Okay, thanks. That's very helpful context. And then maybe just moving to your development outlook, I'm just wondering if you can give us a bit of an update on beyond the stuff that's in the construction pipeline, an update on your renewable power development activities in Canada and the U.S. and whether you're seeing interesting opportunities to either move forward with any new projects or to increase the size of your potential U.S. development pipeline through additional early stage acquisitions?
So my answer to that is, all of the above. We are seeing some positive developments from an Alberta and Canadian perspective and see some opportunities moving forward. We were also, on the U.S. side, have some opportunities that we believe may come to fruition in the relatively near term. But in addition to that, we are looking at opportunities to expand our pipelines on both sides of the border on a renewable perspective. And there's -- where we've been successful in the past is being aligned or acquiring I'll call it smaller developers, a one-off or a series of developments. That continues to be fruitful in terms of some opportunities out there. But we're also looking at the fundamental ground-up development of our own projects. And we've been quite successful with that where we've undertaken it. So we're looking at markets where it makes sense for us and actually from the ground up from securing the leases through to design and develop. So our pipeline will be getting built out from a number of different perspectives. But even with that, what we have today and what we're seeing, we continue to see some significant opportunities in the nearer term.

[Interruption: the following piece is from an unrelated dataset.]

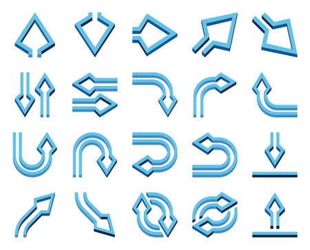 Arrows, directions and indicators icons set on white background.

And maybe just one follow-up question on Island. I appreciate you may not want to get too much into contract discussions, and there's an active review process for the IRP. Have you had any follow-up from BC Hydro since the transmission issues and cable bulging problems started early in July that recognized the aspirations of the IRP just may not reflect the reality of the grid on Vancouver Island and its needs?

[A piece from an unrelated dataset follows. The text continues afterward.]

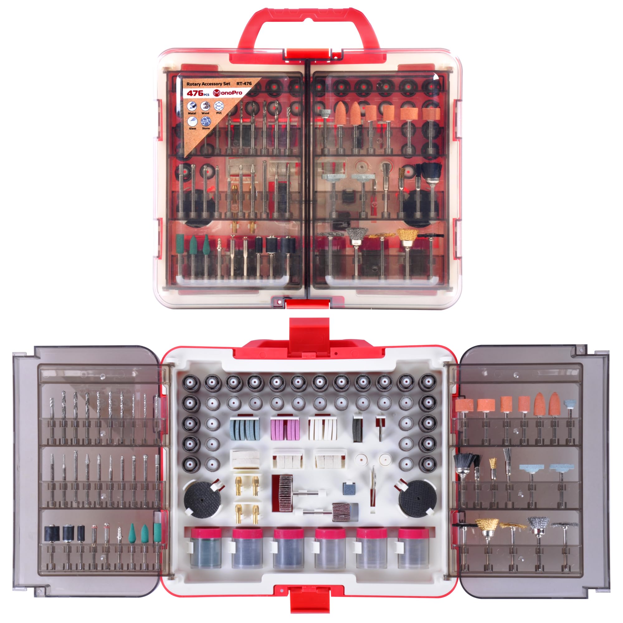 Kit de accesorios para herramientas rotativas de 476 piezas, kit de herramientas rotativas de vástago de 1/8 pulgadas, ajuste univ

So we've been -- our discussions thus far have been with the government. And the BC government largely because for logistical reasons and timing, we haven't had a good opportunity to directly discuss it with BC Hydro. But that is being scheduled and those discussions will take place outside of the IRP process. So we do have a number of questions, and we've informed BC Hydro these are the questions that we have and just out and out don't understand their conclusion based on the facts. But again, we'll see where that gets to. We don't believe that when you look at the IRP, we don't believe that that is their final answer by any stretch of the imagination. We do believe that it is a work in progress and recent information suggests that they still have work to do in terms of that assessment. So we're -- we don't believe that we are talking to deaf ears. We do believe that there will be a significant receptivity to having discussions around the re-contracting of the Island facility.

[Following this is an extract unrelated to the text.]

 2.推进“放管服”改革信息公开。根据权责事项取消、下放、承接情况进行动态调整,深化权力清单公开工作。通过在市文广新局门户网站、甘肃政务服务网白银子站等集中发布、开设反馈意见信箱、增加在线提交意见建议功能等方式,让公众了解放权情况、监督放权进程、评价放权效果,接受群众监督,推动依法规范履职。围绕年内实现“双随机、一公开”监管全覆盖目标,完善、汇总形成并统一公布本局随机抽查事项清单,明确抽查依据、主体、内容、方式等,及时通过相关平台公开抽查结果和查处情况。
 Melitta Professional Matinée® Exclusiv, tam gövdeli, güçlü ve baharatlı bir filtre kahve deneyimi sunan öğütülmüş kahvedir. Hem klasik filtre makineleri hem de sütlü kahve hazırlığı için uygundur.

The next question comes from Rob Hope with Scotiabank.
Just kind of 2 follow-up questions. The first is that we have 6 months or I guess 7 months under the belt regarding the Element Power market in the new quarter. Has your view of how market participants will act or what the kind of long run sustainable pricing is changed over the last 6 months?
Yes. So I think the environment that you're seeing now in 2021 is reflective of the market going forward in terms of the dynamics and setting price. I would temper that with, in 2021 what we've seen so far is some extreme weather, both in February and in June, which has driven prices above where I would say you would expect them to be longer run. And wind availability is something else that impacts on that volatility when you've got extreme weather. So I think generally speaking, the dynamics are what you will see going forward. This is the supply demand sort of fundamentals, but artificially high I would say for 2021 when you're looking at $105 per megawatt hour. But when you look at the forwards going into next year, I think that's a little more representative of where you would expect it to be given where the market tightness might be in any given year.
Great. And in particularly your 2021 guidance, what kind of range of power pricing are you assuming there? Or is it kind of relatively centered around where the forward curve is?
Yes. So it's based on both our positions and the hedges we have in place as well as our outlook for forwards for the balance of the year on our open position.
The next question comes from Andrew Kuske with Credit Suisse.
I guess the question really revolves around the Alberta power market and just your trading desk philosophy and have things changed at all or has it really been the same? And maybe a different dichotomy of, are you focused on capturing returns that are really acceptable to the capital you've put in the business? Or is it really a focus on capturing close to market price?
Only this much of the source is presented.